As Bal­ti­more is to John Waters, or Rome is to Fed­eri­co Felli­ni, or Ore­gon is to Kel­ly Reichardt, that’s what the sun­ny Brazil­ian state of Recife is to film­mak­er Kle­ber Men­donça Fil­ho, as proven in this com­plete­ly charm­ing cine-jaunt though the community’s cin­e­mas and the director’s own fam­i­ly home. It’s a place he describes as smelling like fruit and piss, and it was one of the main char­ac­ters” in films such as 2008’s Neigh­bour­ing Sounds and 2016’s Aquarius.

The title alludes to a pho­to­graph that Men­donça Fil­ho one took inside his liv­ing room which con­tained a blurred fig­ure who most cer­tain­ly wasn’t stand­ing in front of the cam­era when he clicked the shut­ter. Yet it also refers to the idea of ghost­ly struc­tures, of places that once were teem­ing hubs of activ­i­ty and excite­ment, and are now lit­tle more than over-sized tomb­stones lit­tered on the land­scape – a feast for the encroach­ing ter­mite armies or, even worse, com­mer­cial developers.

In com­par­ing and con­trast­ing con­tem­po­rary streets and build­ings with var­i­ous depic­tions in pho­tographs and on film, Pic­tures of Ghosts offers a per­son­al­ly-skewed doc­u­ment of vibrant social his­to­ry, one which attempts to deal with a fluc­tu­at­ing urban topog­ra­phy through the lens of time. 

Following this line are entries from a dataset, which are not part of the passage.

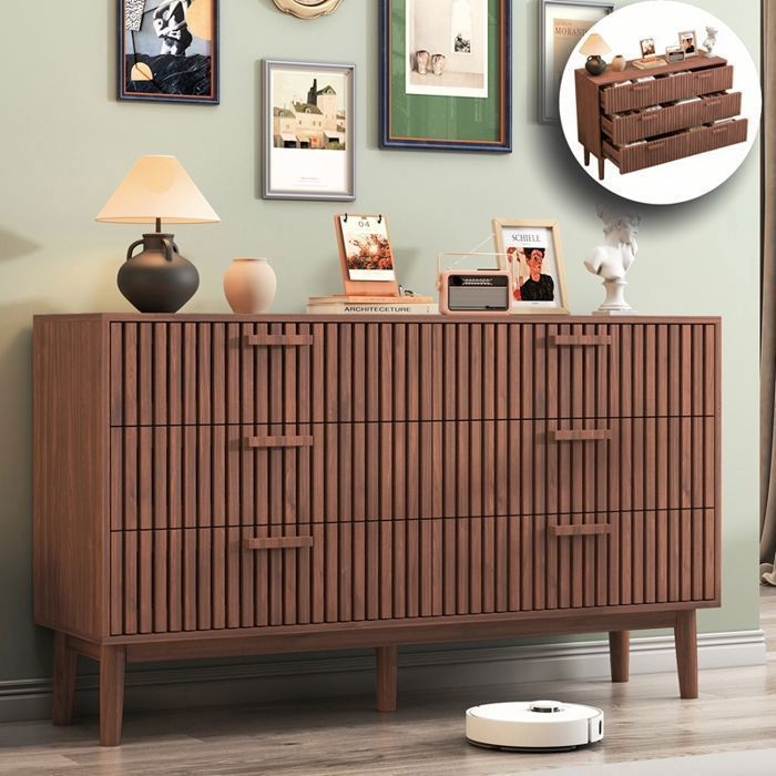 Commode 6 tiroirs - RAVAS - commode chambre - aspect grain de bois - meuble a tiroir - 100 x 34 x 73 cm - Couleur noyer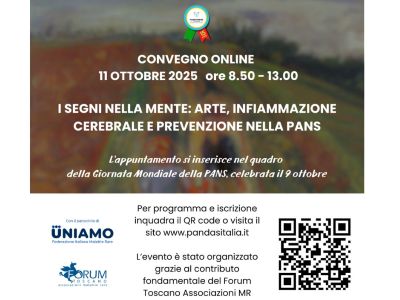 11 ottobre 2025 onlineConvegno online "I segni nella mente: Arte, Infiammazione cerebrale e prevenzione nella PANS"Il convegno esplora la PANS da una prospettiva multidisciplinare, un viaggio tra scienza e creatività, per offrire nuove chiavi di lettura e di intervento a medici, operatori sanitari, educatori e famiglie |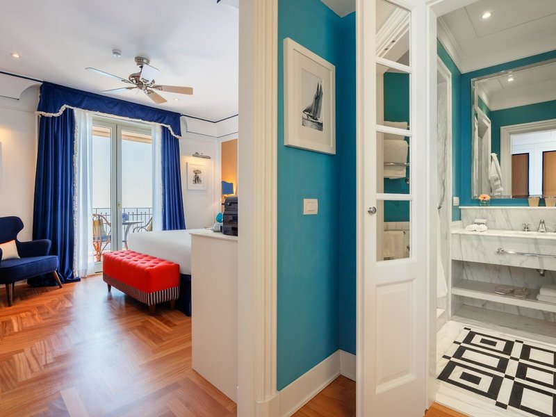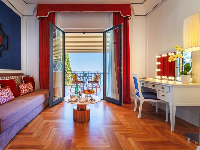 - Suita Junior (JSM2), suita Junior, nefajčiarska izba, v hlavnej budove, morská strana, výhľad na more, cca 35 - 40 m², celkový počet izieb v tomto type izby: 1, rozloženie: kombinovaná obývacia izba /spálňa, detská postieľka: bez poplatku, na vyžiadanie & nutná rezervácia, klimatizácia: zadarmo, individuálne nastaviteľná, studená, teplá, podlaha: parkety, trezor: zdarma, písací stôl, minibar: za poplatok, nealko: za poplatok, voda: za poplatok, alkoholické nápoje: za poplatok, občerstvenie: za poplatok, telefón, internet: WLAN/WiFi: bez poplatku, TV: plochá obrazovka, v spálni, nemecký program, satelitná TV, DVD prehrávač, izbová služba: za poplatok, vaňa, WC, župan: bez poplatku, papuče: bez poplatku, fén, kozmetické zrkadlo, balkón alebo terasa: s posedením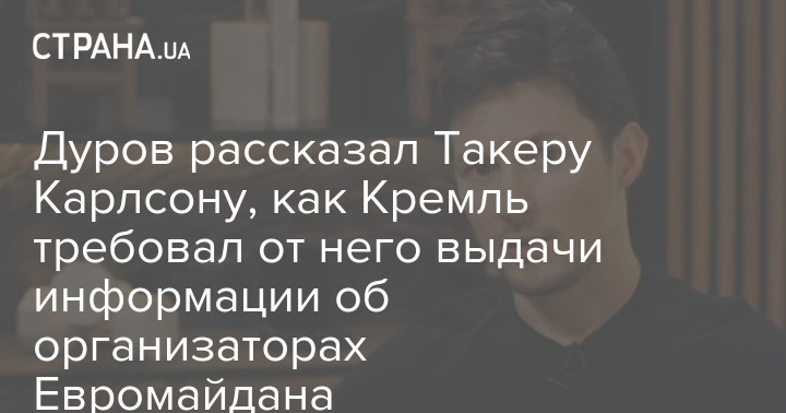 Создатель мессенджера Telegram Павел Дуров в интервью американскому журналисту Такеру Карлсону рассказал, что власти РФ в 2013-2014 годах требовали от него выдать частную информацию об организаторах Евромайдана в Украине, которую имела социальная сеть "Вконтакте" (ВК).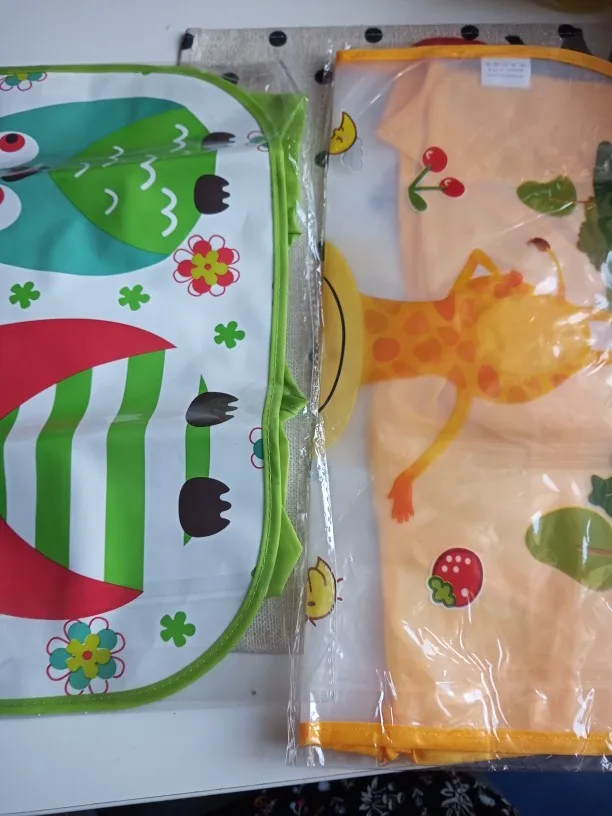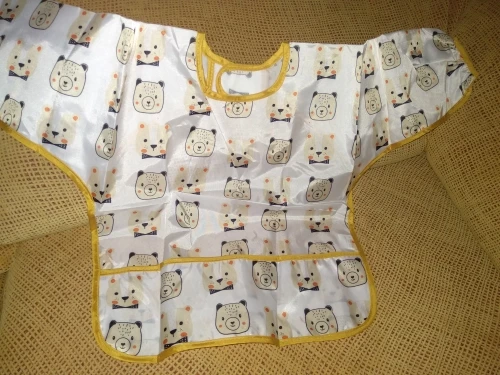 Excelente produto. São babetes com tecido impermeável por toda a parte. Perfeito

The first of three chap­ters deals with the fam­i­ly apart­ment the film­mak­er lived in for close-to 40 years, a small but char­ac­ter­ful abode which under­went a num­ber of facelifts in order to roll with the ever-chang­ing envi­ron­ment. It act­ed as both liv­ing space and film set, a place where he and his friends would make movies armed with only a cam­corder, bound­less imag­i­na­tion and, appar­ent­ly, plen­ti­ful access to gun­shot squibs.

The sec­ond chap­ter offers a tour of local pic­ture palaces, the major­i­ty of which remain as crum­bling ruins or have been recy­cled as grim-look­ing appli­ance stores or mega church­es. We meet Alexan­dre, pro­jec­tion­ist at the long-since-shut­tered Tri­anon cin­e­ma, and star of one of Men­donça Filho’s for­ma­tive doc­u­men­taries. He talks of his dis­taste for The God­fa­ther, and is unwor­ried by the fact that his first boss was most like­ly a Nazi, as the cin­e­ma was ini­tial­ly planned and designed as one of Joseph Goebbels’ UFA pro­pa­gan­da outposts.

It’s worth not­ing that this film has none of the pal­pa­ble anger of his pre­vi­ous one, 2019’s Bacu­rau, and the dis­mal cul­tur­al waste­land of the Bol­sonaro years are only evoked very sub­tly, if at all. Men­donça Fil­ho feels jus­ti­fied in his melan­choly for these spaces that still mean so much to him, and that did much to shape him as a per­son, and as a film­mak­er. In fact, despite its cri­tique of urban des­ic­ca­tion and shifts away from the col­lec­tive joys of the cin­e­ma, the over­rid­ing sense the film deliv­ers is affir­ma­tive and hope­ful, or at least a grate­ful­ness that these amaz­ing venues even exist­ed in the first place.

The film’s final chap­ter is a lit­tle more oblique, look­ing at the places that some of these fall­en cin­e­mas have become, while also includ­ing a delight­ful staged vignette inside an Uber that fur­ther engages with the film’s title. Yet this final reel helps to cal­ci­fy the film’s over­ar­ch­ing plea for col­lec­tive remem­brance, but also a plea for artists to val­ue and engage with what their home­towns have to give them, and to use these places as inspi­ra­tion for mak­ing great art. Which is exact­ly what Men­donça Fil­ho has done here.